Experts discussed ways to improve access to innovative medicines for Russian patients
Progress in the treatment of diseases today is largely determined by the availability of innovative therapies. Without them, it is impossible to achieve the key targets of national programs aimed at increasing life expectancy and combating critical diseases.
Mikhail Tsyferov, President of Petrovax Pharm, took part in the session “Access to Innovations in the Pharmaceutical Industry” at the 5th Right to Health Congress, together with representatives of regulatory authorities, the pharmaceutical industry, and patient organizations. The participants discussed barriers and possible ways to improve the accessibility of innovative medicines in Russia.
According to Alexey Fedorov, an expert of the All-Russian Union of Patients, the pathway from registration to patient access for an innovative drug in Russia currently takes five to seven years:
One of the key issues hindering access to innovative therapies is the absence of a clear regulatory definition of an innovative medicinal product.
Elena Maksimkina, Director of the Federal Center for Planning and Organization of Drug Provision of Citizens of the Ministry of Health of the Russian Federation, believes that to facilitate the inclusion of innovative drugs into the List of Vital and Essential Medicines (Essential Drug List, EDL), it is necessary to create a ‘longlist’. Medicines entering it would then undergo an innovation assessment. She noted that for candidates aiming at inclusion it would be desirable to meet the requirements of technological sovereignty, meaning they should be manufactured in Russia and contribute to the development of the domestic pharmaceutical industry.
In addition, Ms. Maksimkina proposed that when considering drugs for inclusion in the List of Vital and Essential Medicines (Essential Drug List, EDL), the actual status of patients in Russia should be taken into account—an approach proposed by Petrovax Pharm at the August meeting of the EDL Commission.
Mikhail Tsyferov, President of Petrovax Pharm, emphasized that although Russian innovative medicines have been authorized in recent years, their actual access to patients is delayed by 1.5–2 years due to lengthy procedures for inclusion in Clinical Guidelines, Diagnosis-Related Groups (DRGs), and the EDL. This, he noted, reduces the efficiency of investments made by the Russian pharmaceutical industry.
The company president underlined that streamlining and shortening procedures for domestic companies to enter regulatory lists, Clinical Guidelines, and DRGs is essential to improve access to innovations. This would not only help save patients’ lives but also generate significant savings for the national healthcare system.
He added that for the domestic pharmaceutical industry, a long-term planning horizon (5–10 years) is crucial, as they enable significant price reductions. For example, until recently, there were only two molecules available for the treatment of Fabry disease. Petrovax Pharm has localized full-cycle production of a biosimilar of one of these molecules in Russia.
To ensure an objective evaluation of treatment experience in real-world clinical practice, Petrovax Pharm is launching an observational study in collaboration with Sechenov University.

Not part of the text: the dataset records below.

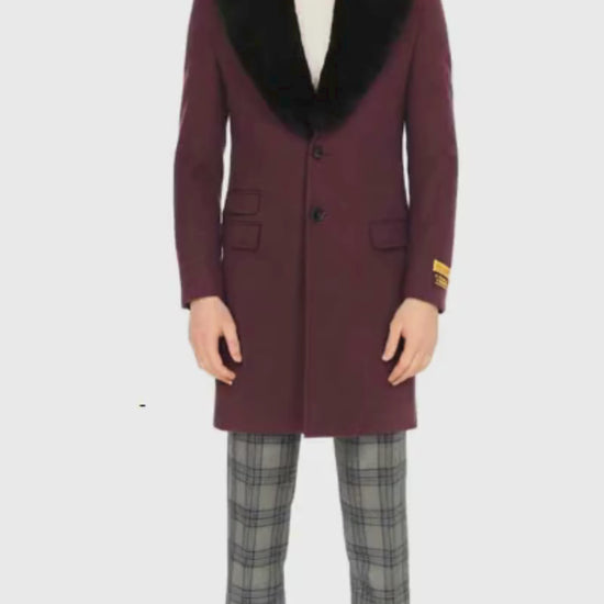 Mens Purple Wool Overcoat with Black Faux Fur Collar – Luxury Winter Dress Coat for Formal and Casual Wear
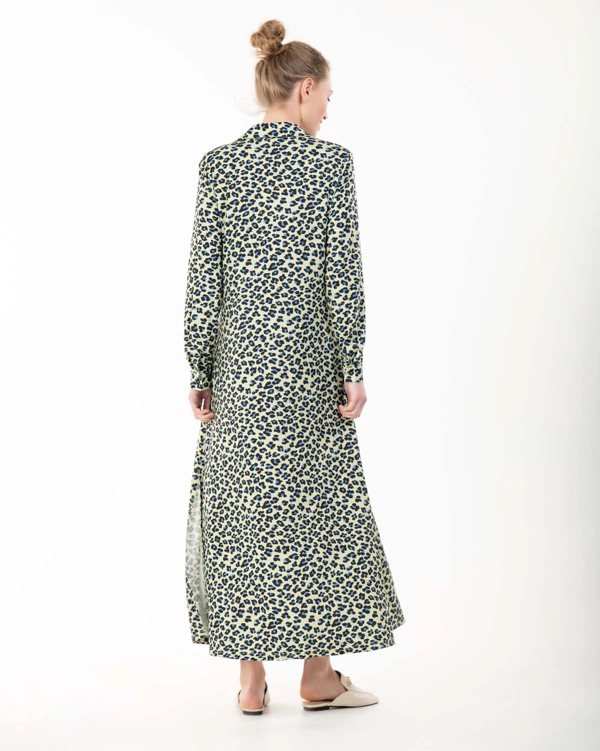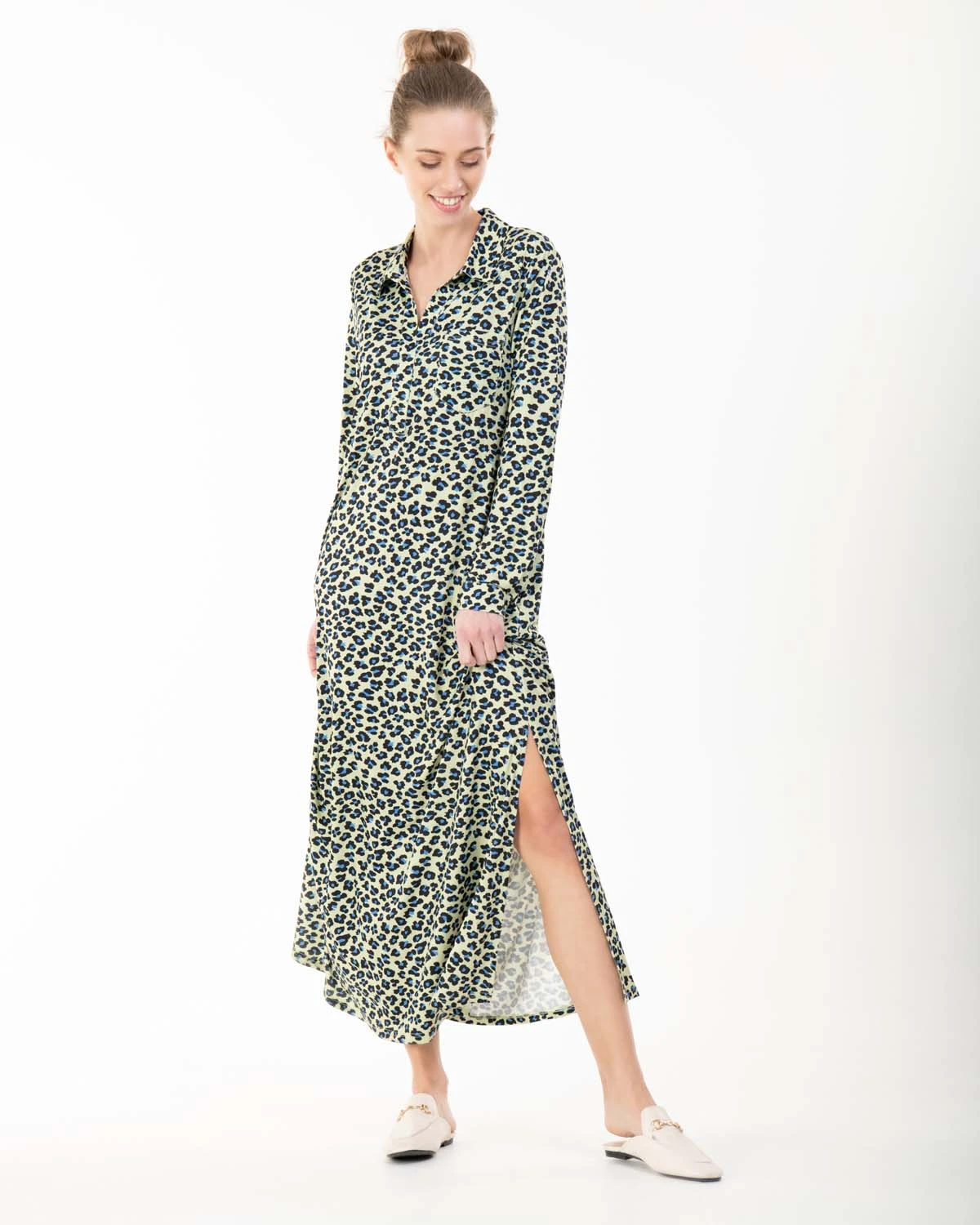 Take a look at our gorgeous light yellow leopard print maxi shirt dress. With a side slit and long sleeves. Will fit a size 8-10. This dress is a one-of-a-kind Jolie Moi item.
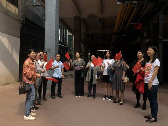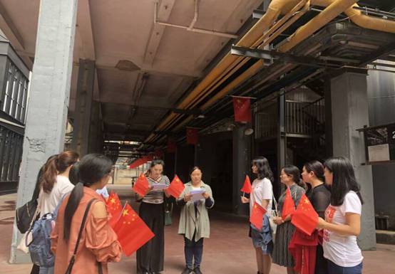在新中国成立70周年之际,通过参观东郊记忆,上世纪五十年代国企老工厂,让所有党员老师们在追忆往昔岁月的过程中,感悟今朝国家巨变,激发大家更加热爱祖国,珍惜今天的幸福生活。首先,在党支部副书记杨咏艳和李佳琪老师的带领下,诵读《我的祖国》,所有党员老师合唱《我和我的祖国》,共同祝福祖国永远朝气蓬勃。随后,老师们自行参观园区,与国旗合影,表达庆祝祖国七十华诞的喜悦心情。
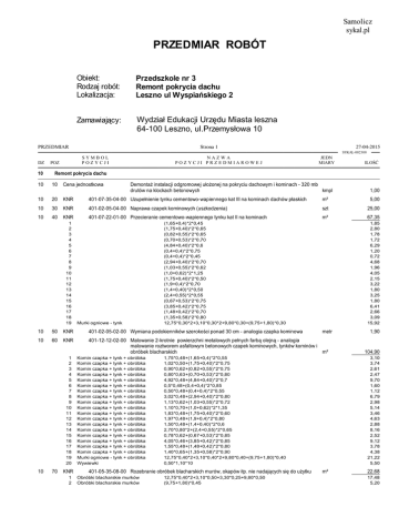 Samolicz sykal.pl PRZEDMIAR ROBÓT Obiekt: Rodzaj robót: Lokalizacja: Przedszkole nr 3 Remont pokrycia dachu Leszno ul Wyspiańskiego 2 Zamawiający: Wydział Edukacji Urzędu Miasta leszna 64-100 Leszno, ul.Przemysłowa 10 PRZEDMIAR Strona 1 27-04-2015 SYKAL-002308 DZ 10 SYMBOL POZYCJI POZ NAZWA POZYCJI PRZEDMIAROWEJ JEDN MIARY ILOŚĆ Remont pokrycia dachu 10 10 Cena jednostkowa 10 20 KNR 401-07-35-04-00 Uzupełnienie tynku cementowo-wapiennego kat III na kominach dachów płaskich m² 5,00 10 30 KNR 401-02-05-04-00 Naprawa czapek kominowych (uszkodzenia) szt 25,00 10 40 KNR 401-07-22-01-00 Przecieranie cementowo-wapiennego tynku kat II na kominach m² 67,35 1 2 3 4 5 6 7 8 9 10 11 12 13 14 15 16 17 18 19 DemontaŜ instalacji odgromowej ułoŜonej na pokryciu dachowym i kominach - 320 mb drutów na klockach betonowych kmpl Murki ogniowe - tynk (1,65+0,4)*2*0,45 (1,75+0,40)*2*0,65 (0,82+0,55)*2*0,65 (0,70+0,53)*2*0,70 (4,84+0,40)*2*0,6 (0,4+0,4)*2*0,75 (0,4+0,4)*2*0,45 (2,94+0,40)*2*0,70 (1,03+0,55)*2*0,62 (1,0+0,62)*2*1,25 (1,75+0,40)*2*0,50 (1,9+0,4)*2*0,70 (1,4+0,40)*2*0,50 (2,4+0,55)*2*0,55 (0,67+0,53)*2*0,75 (3,85+0,42)*2*0,75 (1,48+0,42)*2*0,70 (1,35+0,58)*2*0,80 12,75*0,30*2+3,10*0,30*2+9,80*0,30+(9,75+1,80)*0,30 1,85 2,80 1,78 1,72 6,29 1,20 0,72 4,68 1,96 4,05 2,15 3,22 1,80 3,25 1,80 6,41 2,66 3,09 15,92 10 50 KNR 401-02-05-02-00 Wymiana podokienników szerokości ponad 30 cm - analogia czapka kominowa 10 60 KNR 401-12-12-02-00 Malowanie 2-krotnie powierzchni metalowych pełnych farbą olejną - analogia malowanie roztworem asfaltowym betonowych czapek kominowych, tynków kominów i obróbek blacharskich m² 1 2 3 4 5 6 7 8 9 10 11 12 13 14 15 16 17 18 19 20 10 70 KNR 1 2 Komin czapka + tynk + obróbka Komin czapka + tynk + obróbka Komin czapka + tynk + obróbka Komin czapka + tynk + obróbka Komin czapka + tynk + obróbka Komin czapka + tynk + obróbka Komin czapka + tynk + obróbka Komin czapka + tynk + obróbka Komin czapka + tynk + obróbka Komin czapka + tynk + obróbka Komin czapka + tynk + obróbka Komin czapka + tynk + obróbka Komin czapka + tynk + obróbka Komin czapka + tynk + obróbka Komin czapka + tynk + obróbka Komin czapka + tynk + obróbka Komin czapka + tynk + obróbka Komin czapka + tynk + obróbka Murki ogniowe - tynk + obróbka Wywiewki metr 1,75*0,48+(1,65+0,4)*2*0,55 1,02*0,50+(1,75+0,40)*2*0,75 0,90*0,62+(0,82+0,55)*2*0,75 0,80*0,63+(0,70+0,53)*2*0,80 4,92*0,48+(4,84+0,40)*2*0,7 0,5*0,48+(0,4+0,4)*2*0,85 0,50*0,48+(0,4+0,4)*2*0,55 3,02*0,48+(2,94+0,40)*2*0,80 1,13*0,62+(1,03+0,55)*2*0,72 1,10*0,70+(1,0+0,62)*2*1,35 1,83*0,48+(1,75+0,40)*2*0,60 1,97*0,48+(1,9+0,4)*2*0,80 1,50*0,48+(1,4+0,40)*2*0,6 2,70*0,80*2+(2,4+0,55)*2*0,65 0,78*0,62+(0,67+0,53)*2*0,85 4,05*0,46+(3,85+0,42)*2*0,85 1,55*0,48+(1,48+0,42)*2*0,80 1,40*0,65+(1,35+0,58)*2*0,90 12,75*0,40*2+3,10*0,40*2+9,80*0,40+(9,75+1,80)*0,40 0,50*1,10*10 401-05-35-08-00 Rozebranie obróbek blacharskich murów, okapów itp. nie nadających się do uŜytku Obróbki blacharskie murków Obróbki blacharskie murków 12,75*0,40*2+3,10*0,50+3,30*0,25+9,80*0,50 (9,75+1,80)*0,45 1,00 1,90 104,90 3,10 3,74 2,61 2,47 9,70 1,60 1,12 6,79 2,98 5,14 3,46 4,63 2,88 8,16 2,52 9,12 3,78 4,38 21,22 5,50 m² 22,68 17,48 5,20 PRZEDMIAR Strona 2 27-04-2015 SYKAL-002308 SYMBOL POZYCJI DZ POZ 10 80 KNR 10 90 Cena jednostkowa NAZWA POZYCJI PRZEDMIAROWEJ 202-05-06-02-01 RóŜne obróbki z blachy ocynkowanej 0,55 mm szer ponad 25 cm wsp: R = 0,955 Oczyszczenie i regulacja spadków rynien dachowych fi 150 1 2 100 KNR 10 110 Cena jednostkowa 10 120 KNR 10 130 KNNR 1 2 3 10 140 KNNR 1 10 150 KNR 1 m² metr (9,70+9,80+21,20)*2 8,35+4,0+16,50+8,10 10 1 JEDN MIARY 401-12-12-25-00 Malowanie 2-krotnie farbą olejną rynien Impregnacja 2-krotnie środkiem impregnującym drewnianej łaty 4/6 cm ekranu 401-12-12-08-00 Malowanie 2-krotnie farbą olejną krat i balustrad ozdobnych Drabiny Część wyzsza Część nizsza Minus kominy ponad 1,0 m2 118,35 metr 118,35 m² Listwa mocujaca 6,00 6,00 m² 494,11 370,26 129,90 -6,05 m² (3,60+6,15+2,95+0,45)*0,50*2 202-05-06-01-01 RóŜne obróbki z blachy ocynkowanej 0,55 mm szer do 25 cm 118,35 metr 9,80*4,45+12,75*21,20+9,80*5,75 3,20*3,10+9,75*7,90+6,10*6,15+3,20*1,70 -(4,84*0,40+2,94*0,40+2,4*0,55+3,85*0,42) N003-05-03-04-00 Obróbki z papy nawierzchniej zgrzewalnej na przygotowanym podłoŜu betonowym Częśc niższa - ściana części wyższej 22,68 81,40 36,95 5,0*0,60*2 N003-05-03-03-00 Pokrycie dachu 1 x papą zgrzewalną + papa perforowana na istniejącym pokryciu z papy astaltowej - papa zgrzewalna wierzchniego krycia modyfikowana SBS na osnowie z włókniny poliestrowej, grub min 5,20 mm ILOŚĆ 13,15 13,15 m² (3,60+6,15+2,95+0,45)*0,10*2 2,63 2,63 wsp: R = 0,955 10 160 Cena jednostkowa 1 10 170 Cena jednostkowa 10 180 KNR 10 190 Cena jednostkowa 1 1 1 10 10 200 210 Uzupełnienie 1 haka rury spustowej fi 100 i regulacja zbiornika Przy głownych schodach Wymiana uszkodzonej rury spustowej Ŝeliwnej fi 160 z rewizją na rurę z PCV Przy tarasie Przy tarasie szt 1,00 metr 2,00 1,00 1,00 2 Daszek nad schodami o rozpiętości 2,0 m - konstrukcja stalowa z kształtowników zamknietych z pokryciem blachą fałdową i obróbką blacharską na ścianie Nad schodami do archiwum Cena jednostkowa 1,00 1 401-05-27-06-00 Uzupełnienie rur spustowych okrągłych ø 12 cm z blachy ocynkowanej Cena jednostkowa kmpl 1 2,00 m² 2,10*2,85 5,99 5,99 Wymiana spróchniałej łaty do mocowania ekranu z blachy - odkęcenie blachy ekranu mocowanej na 2-ch łatach, wymiana górnej łaty, ponowne przykęcenie blachy do łat, rusztowanie do wys. 5,0 m metr 16,50 Instalacja odgromowa - 280 mb przewodu z pomiarami kmpl 1,00 Uwaga: ceny jednostkowe wg własnych kalkulacji
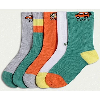 Boys 5-Pack Cotton Rich Car Print Ankle Socks in Multi
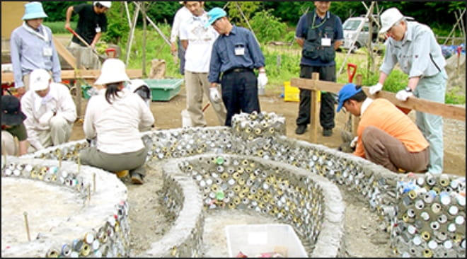 ●手作り足湯を作るためスチール缶6千個集める
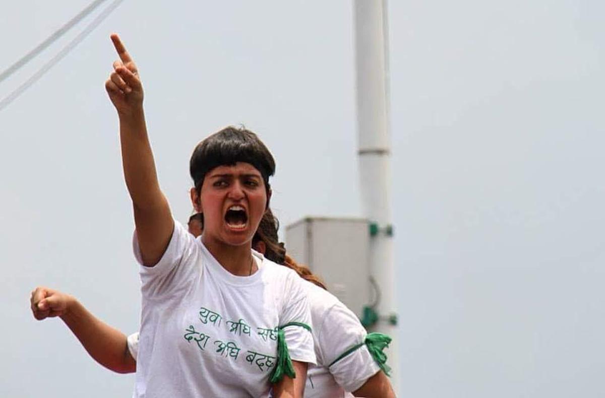 मुस्कानको 'इमोजी' अंकित ब्याज छातीमा टाँसेर, हातमा प्लाकार्ड बोक्दै कुशासन, भ्रष्टाचार र असमानताविरूद्ध भोकभोकै प्रदर्शन गर्दाका क्षण सम्झिइन्।
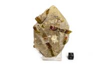 Коллекция Систематическая коллекция, №88005. Поперечнозональные от красного до зеленого длинностолбчатые до 5.3х1 см. дитригонально призматические кристаллы, с головками ограненными пирамидой {201} и фрагменты кристаллов на гранях уплощенного корродированного кристалла кварца 11х7х3.5 см. Длина экспоната 11.0 см.
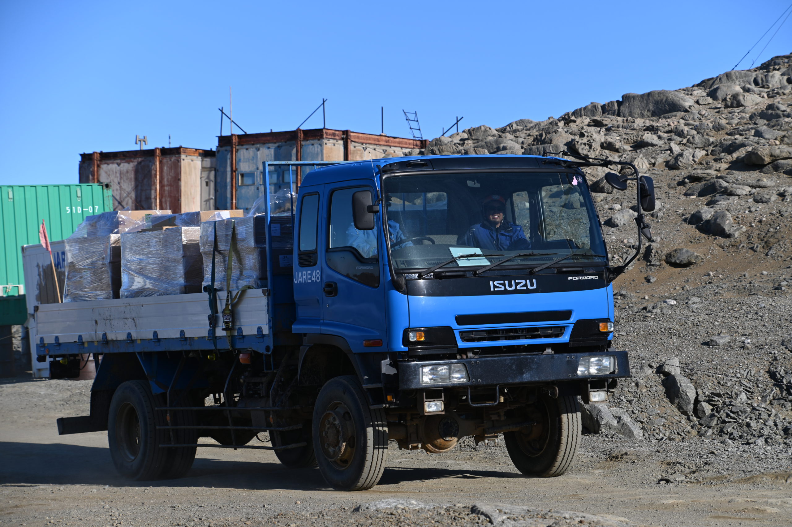2ヶ月ほどの短い夏の間には、南極観測船「しらせ」で持ち込んだ大量の物資を運ぶトラックや、建物の建設や解体したりする重機などが活躍しています。冬の期間では、基地から遠く離れた観測地点へ向かうために雪上車が使われていますし、基地の周りに積もった雪を除雪するのにブルドーザーやバックホーなどが活躍しています。このように南極では何をするにも働く車が欠かせない存在です。
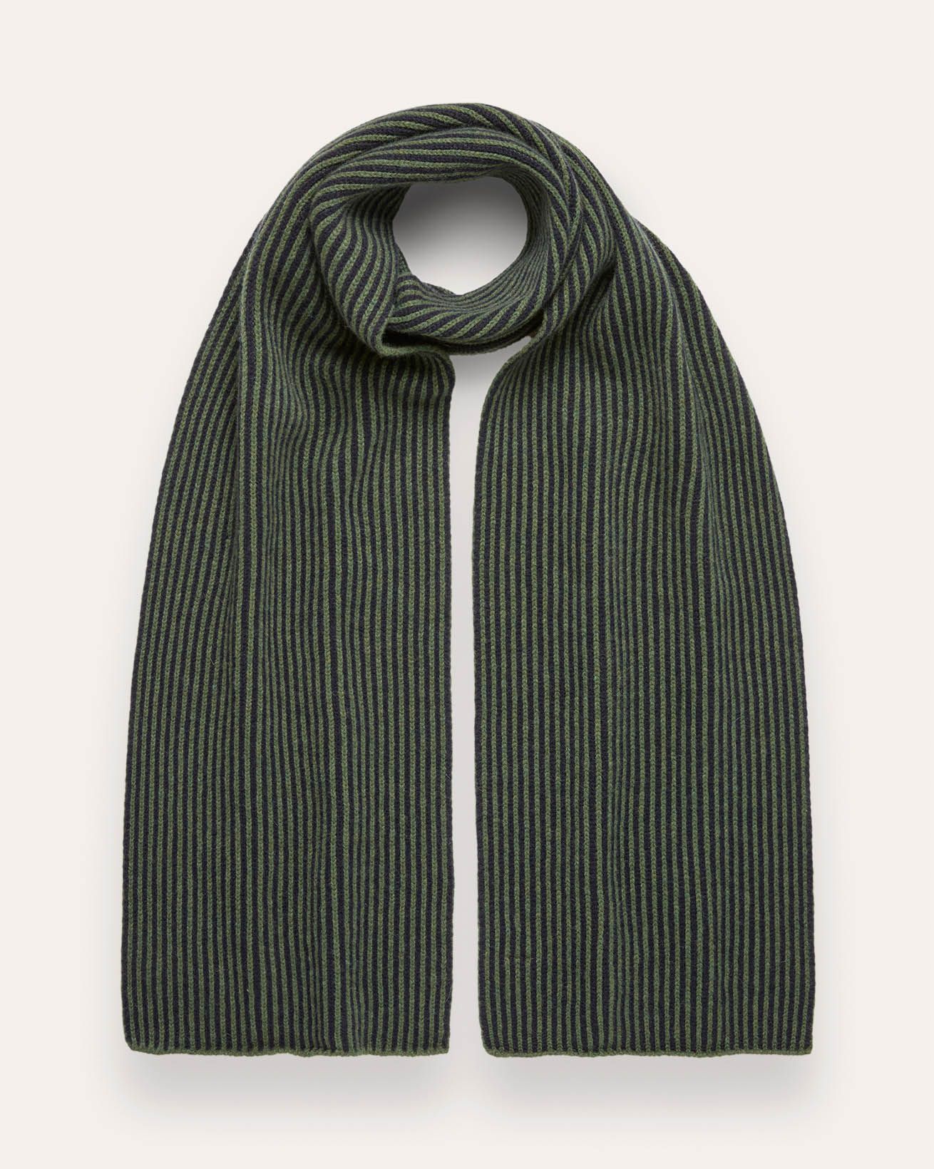 Made in Britain using pure lambswool, this men’s scarf features a vertical two-colour stripe design for a refined touch. Soft, warm, and easy to pair with the matching beanie and gloves for a complete seasonal set.
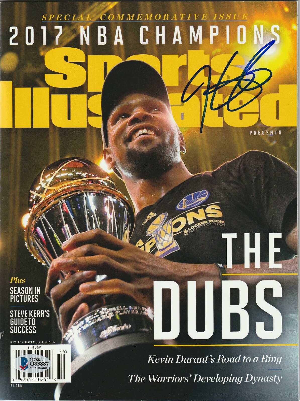 KEVIN DURANT SIGNED 9/21/17 SPORTS ILLUSTRATED W/ BECKETT COA (NO LABEL) COLLECTIBLE MEMORABILIA
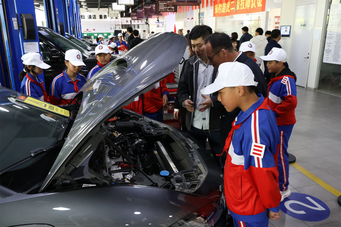 在交通工程学院捷豹路虎基地,项目负责人叶鹏为同学们介绍了基地的功能定位与技术亮点。随后,学生志愿者们用生动活泼的语言讲解了车辆构造与维修技术,并指导大家亲自动手体验基础的汽车检测流程。“原来汽车发动机里藏着这么多‘小秘密’!”同学们围在实训车辆旁,眼中满是好奇与兴奋。
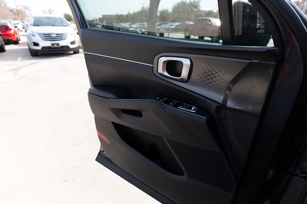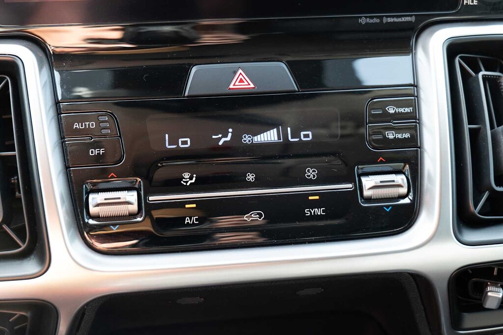 Recent Arrival! Kia Certified Pre-Owned Certified, 3.798 Axle Ratio, 3rd row seats: split-bench, 4-Wheel Disc Brakes, 6 Speakers, ABS brakes, Air Conditioning, Alloy wheels, AM/FM radio: SiriusXM, Apple CarPlay & Android Auto, Auto High-beam Headlights, Automatic temperature control, Brake assist, Bumpers: body-color, Carpeted Floor Mats, Delay-off headlights, Driver door bin, Driver vanity mirror, Dual front impact airbags, Dual front side impact airbags, Electronic Stability Control, Emergency communication system: UVO Link, Exterior Parking Camera Rear, Folding Cargo Tray, Four wheel independent suspension, Front anti-roll bar, Front Bucket Seats, Front Center Armrest, Front dual zone A/C, Front reading lights, Fully automatic headlights, Heated door mirrors, Heated Front Bucket Seats, Heated Front Seats, Illuminated entry, Knee airbag, Leather Shift Knob, Leather steering wheel, Low tire pressure warning, Navigation System, Occupant sensing airbag, Outside temperature display, Overhead airbag, Overhead console, Panic alarm, Passenger door bin, Passenger vanity mirror, Power door mirrors, Power driver seat, Power steering, Power windows, Radio data system, Radio: AM/FM Audio System, Rear air conditioning, Rear anti-roll bar, Rear reading lights, Rear seat center armrest, Rear window defroster, Rear window wiper, Remote keyless entry, Roof rack: rails only, Security system, Smart Key w/ Push Button and Remote Start, Speed control, Speed-sensing steering, Split Folding Fear Seat, Spoiler, Steering wheel mounted audio controls, SynTex Artificial Leather Seat Trim, Tachometer, Telescoping steering wheel, Tilt steering wheel, Traction control, Trip computer, Turn signal indicator mirrors, Variably intermittent wipers, Wheel Locks, Wheels: 7.5J x 18 Machine-Finished Alloy.

According to him, when including drugs in official lists, it is important to consider clinical efficacy, added therapeutic value, and the impact on the healthcare system. At the same time, the goals of import substitution and support for the domestic pharmaceutical industry must not be overlooked — the industry is already achieving what was unimaginable twenty years ago.
At the conclusion of the discussion, participants have concurred that patients, physicians, and industry share a common goal — to improve public health. Therefore, every possible effort must be made to ensure that innovations become truly accessible.